Random variables
Outline
Topics
- Random variable as mathematical objects.
- Notation convention for observation/latent
Rationale
Random variables are used as building blocks for two key uses in Bayesian stats: modelling “knowns” (observations) and “unknowns” (latent variables/parameters/prediction).
Definition
A (real) random variable is a function from a sample space \(S\) to the reals, \(X : S \to \mathbb{R}\).
Example:
- Continuing the example with \(S = \{1, 2, 3, 4\}\).
- Consider \(X(s) = 1\) if \(s\) is odd, and \(X(s) = 0\) otherwise.
Probabilist’s notation
- Let \(X\) denote a random variable.
- The notation \((X = 1)\) or \((X \in E)\) is invalid in set theory.
- Therefore, probabilists “gave it a meaning” as follows:
\[(X = 1) = \{s : X(s) = 1\}.\]
Example: Consider \(X(s) = 1\) if \(s\) is odd, and \(X(s) = 0\) otherwise. Then \((X = 1)\) corresponds to the red circle.

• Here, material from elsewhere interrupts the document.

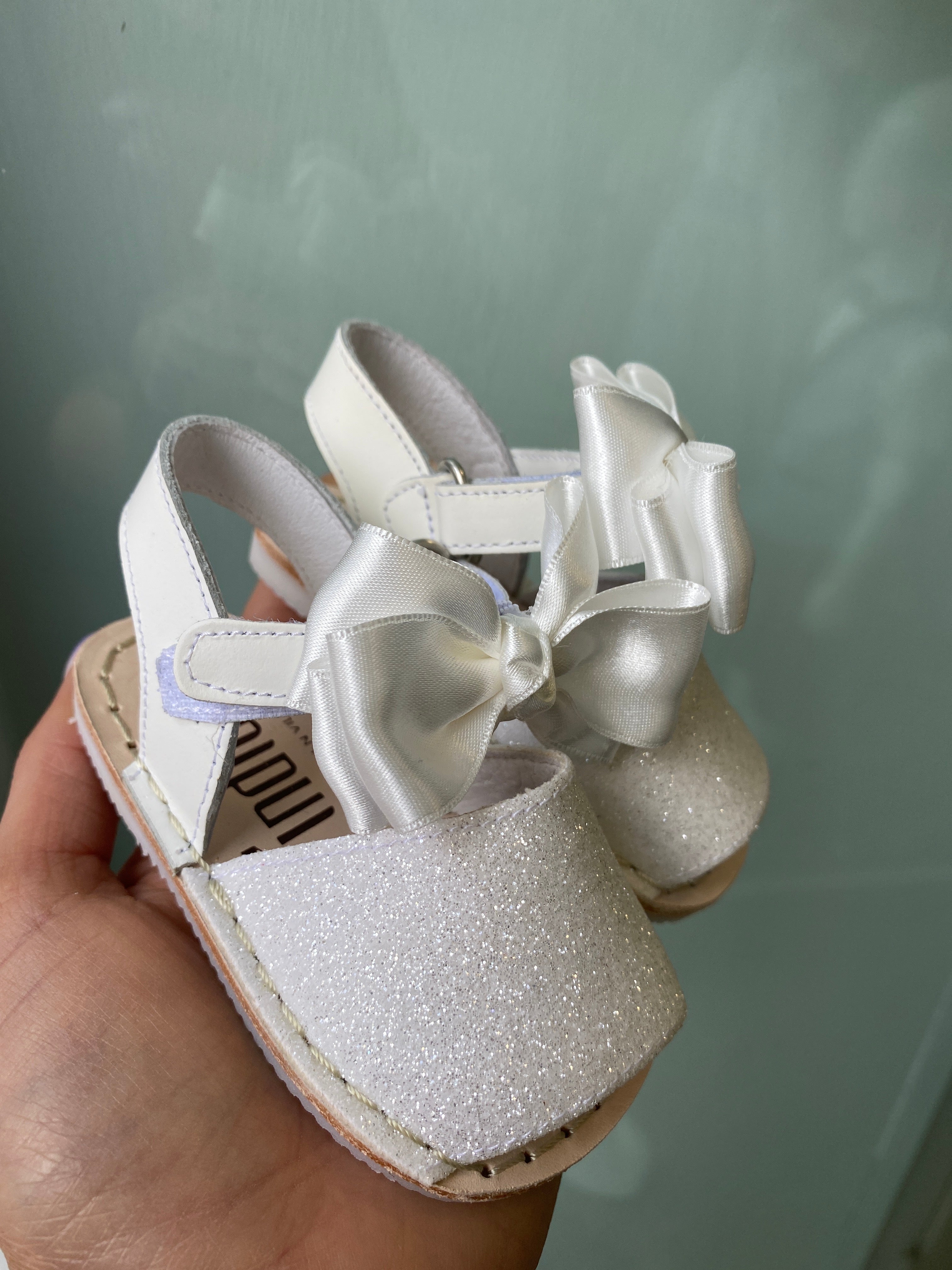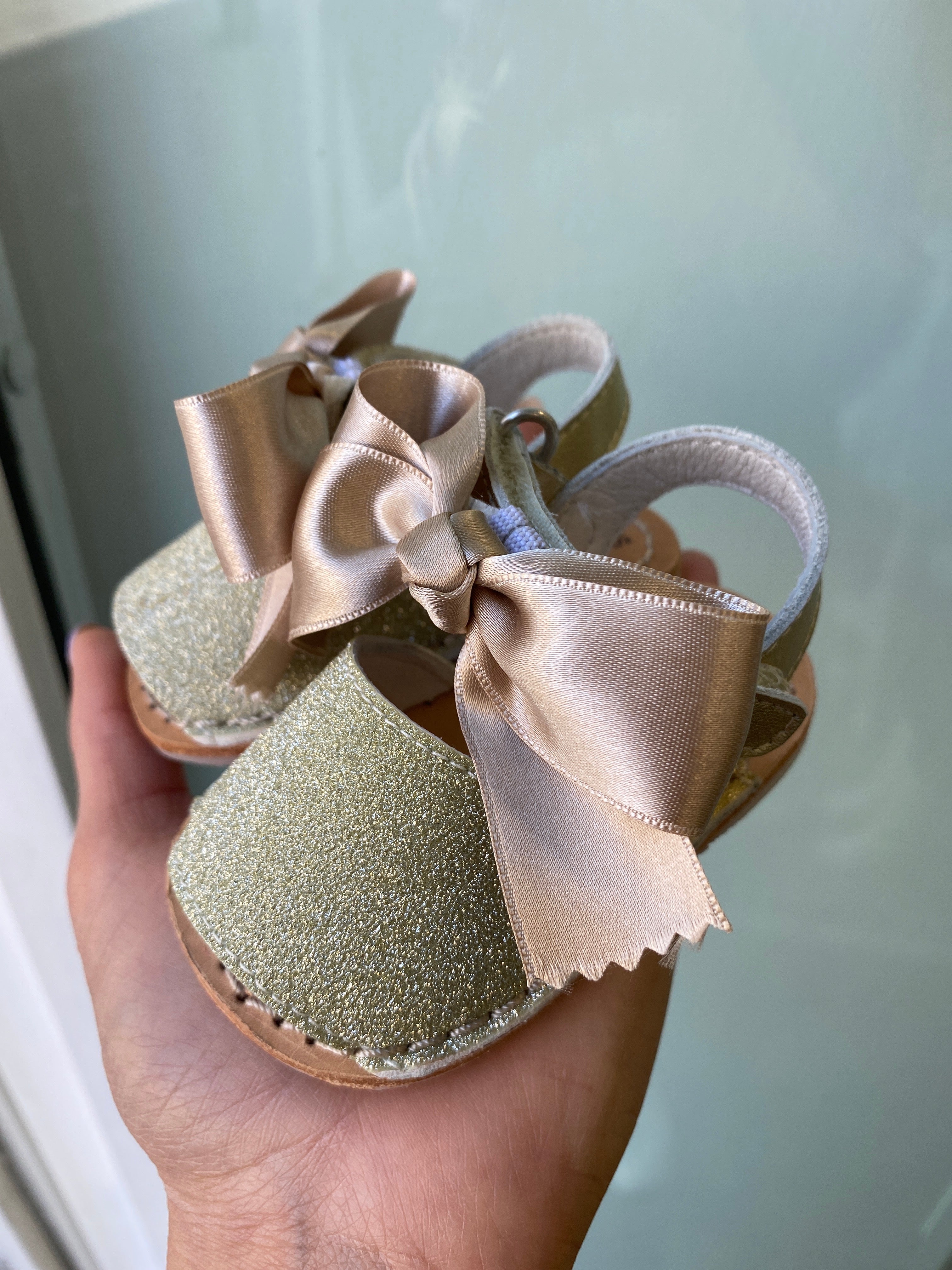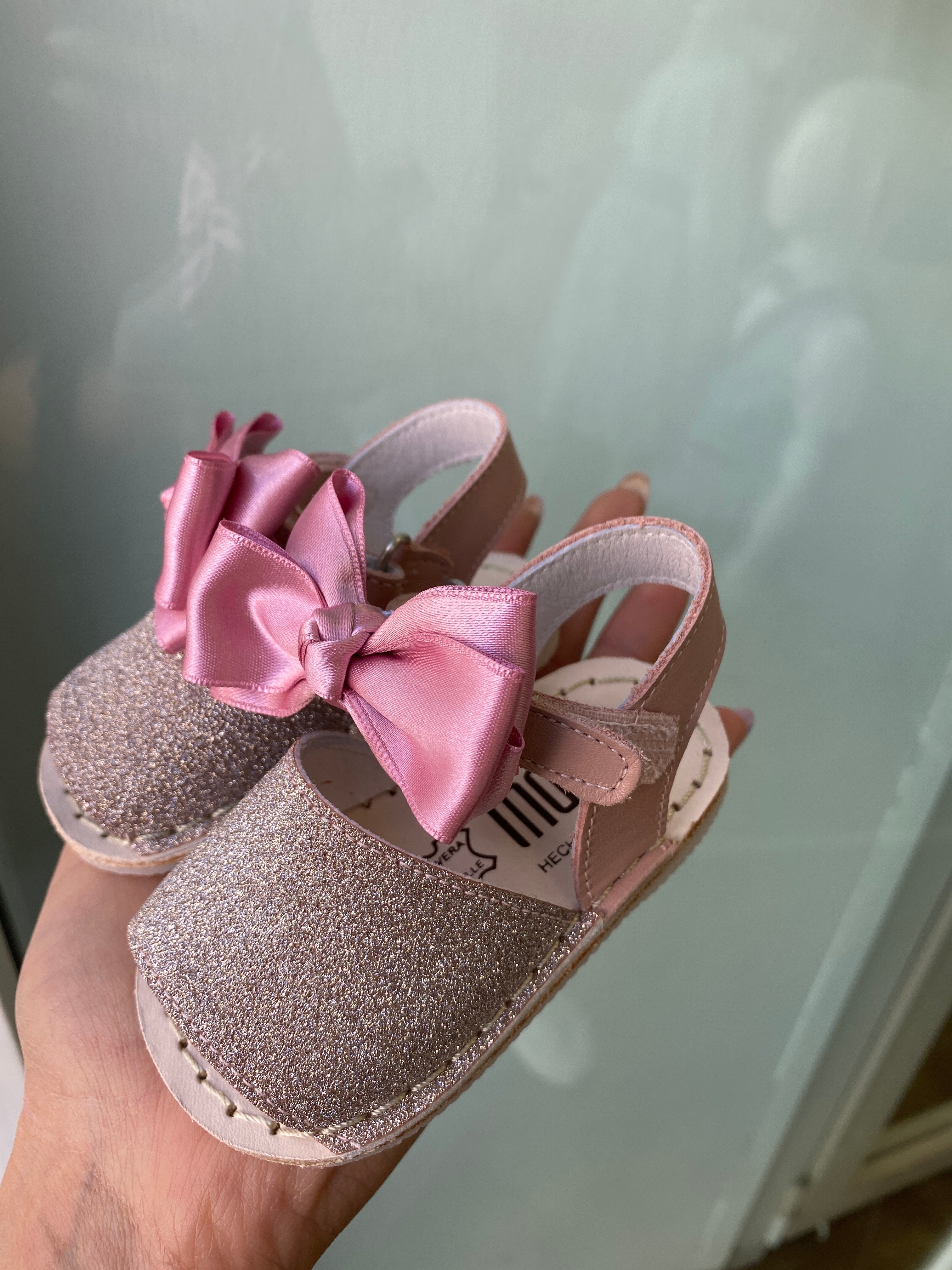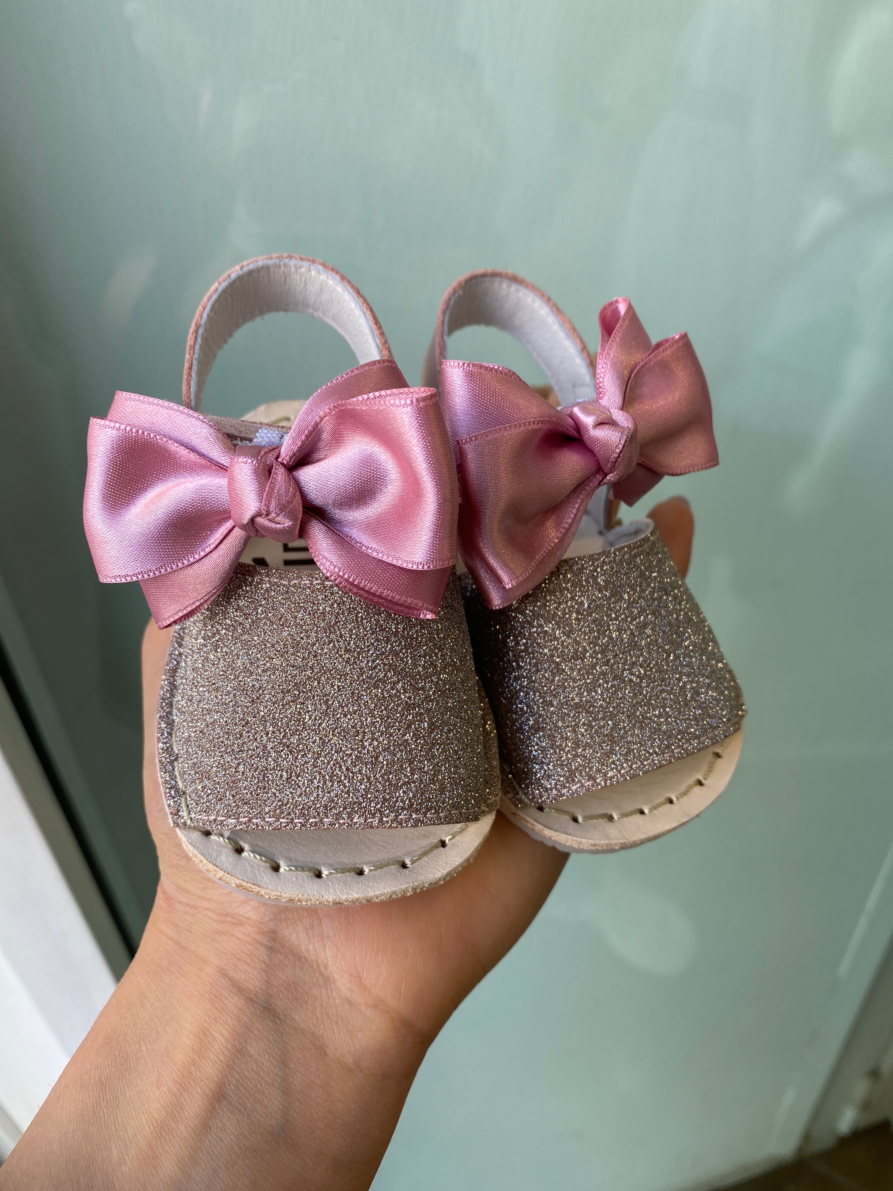 Sandali Primi Passi Minorchine Glitter con Fiocco in Raso Bambina INDICE 300G

Conventions: probability vs Bayesian
Probability convention:
- Random variables are denoted with capitals in probability theory
- The same letter in small cap is used for a dummy variable holding the output of the random variable.
- Note: “A dummy variable holding the output of the random variable” is called a realization.
- Example: \(X\) for the random variable and \(x\) for its realization.
- We will start off using this convention in the first few weeks.
Bayesian statistics convention:
- Often the capitalization convention is not used in the Bayesian statistics literature.
- Hence we will eventually drop the probability theory capitalization convention.
More conventions
- \(X\): unobserved random variable (synonym of “unobserved”: latent)
- \(Y\): observed random variable
More precisely:
- \(Y\) is the “mechanism of observation”..
- whereas the actual observation is a realization \(y\) of \(Y\).
Extension
A random vector is a function from a sample space to \(\mathbb{R}^n\).
Example in Bayesian statistics: the vector \((X, Y)\) containing both the unobserved and observed quantities.